Code is available on Github.

The SimCLR method: contrastive learning

Let $sim(u,v)$ note the dot product between 2 normalized $u$ and $v$ vectors (i.e. cosine similarity).

Then the loss function for a positive pair of examples (i,j) is defined as:

\ell_{i, j}=-\log \frac{\exp \left(\operatorname{sim}\left(\boldsymbol{z}_{i}, \boldsymbol{z}_{j}\right) / \tau\right)}{\sum_{k=1}^{2 N} \mathbb{1}_{[k \neq i]} \exp \left(\operatorname{sim}\left(\boldsymbol{z}_{i}, \boldsymbol{z}_{k}\right) / \tau\right)}

where $\mathbb{1}_{[k \neq i]} \in {0,1}$ is an indicator function evaluating to 1 iff $k != i$ . For more info on that check how we are going to index the similarity matrix to get the positives and the negatives.
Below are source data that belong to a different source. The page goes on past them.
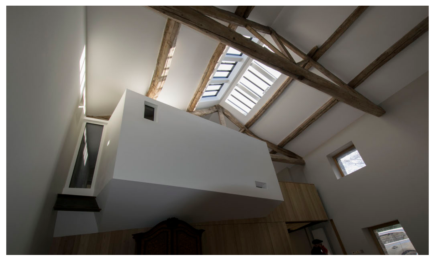
New interior structures in this barn conversion float free of the historic fabric and keep the full height space legible. (© CE+CA Architects)

5.73 Fire prevention systems may need to be specially adapted for historic building conversions. It is preferable to install a radio alarm system (to avoid wiring). The use of sprinkler or water mist systems can sometimes be used to avoid fire compartmentation and the subdivision of large internal spaces, particularly at first floor level in barns. Some historic doors can be adapted to comply with fire safety regulations, for example by the use of intumescent (fire retardant) paints and strips. It may be necessary to alter the design of existing windows for fire escape purposes, and the implications of this should be considered at an early stage.
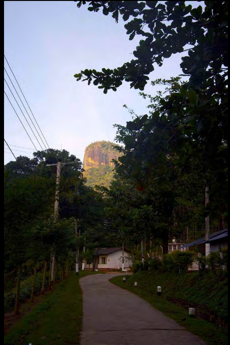
The first glimpse. From the roadway through Ambadeniya Estate
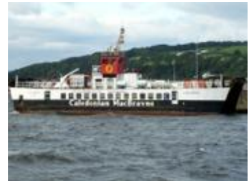
Loch Riddon having arrived back at Largs

18/08/08 Loch Riddon left Gourock this morning and headed round to lie opposite Ardmaleish while the slipway was readied for her arrival. She was then slipped to have her leaking prop blade seal seen to.
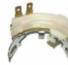
Back-up Light Switch for Manual Trans
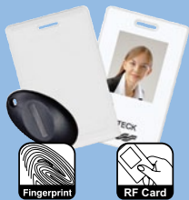
Onboard Access Control
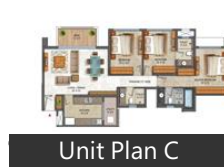
Unit Plan C
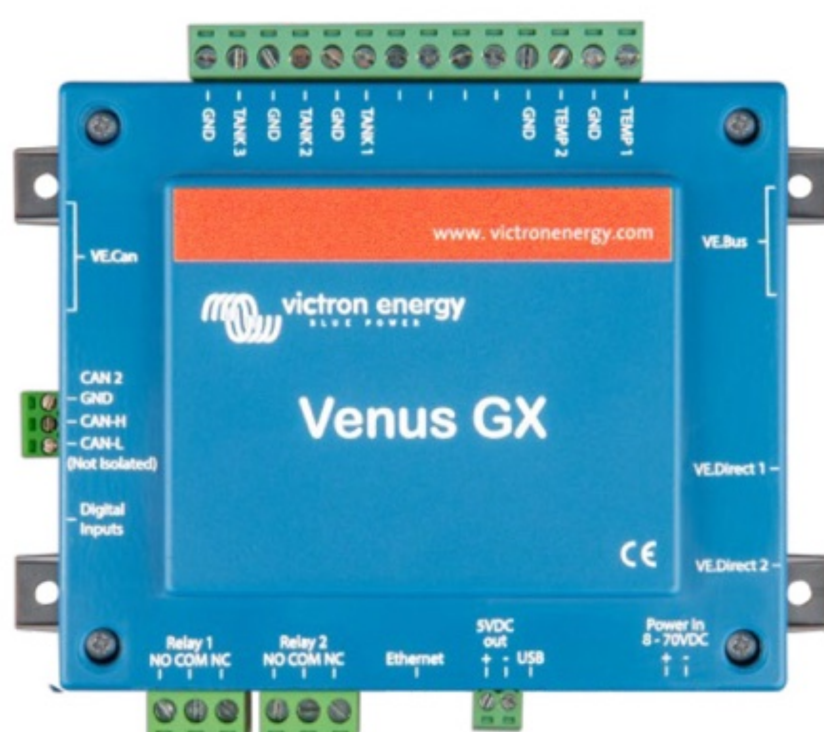
Venus GX with connectors

$\tau$ denotes a temperature parameter. The final loss is computed by summing all positive pairs and divide by $2\times N = views \times batch\_size$

There are different ways to develop contrastive loss. Here we provide you with some important info.

L2 normalization and cosine similarity matrix calculation

First, one needs to apply an L2 normalization to the features, otherwise, this method does not work. L2 normalization means that the vectors are normalized such that they all lie on the surface of the unit (hyper)sphere, where the L2 norm is 1.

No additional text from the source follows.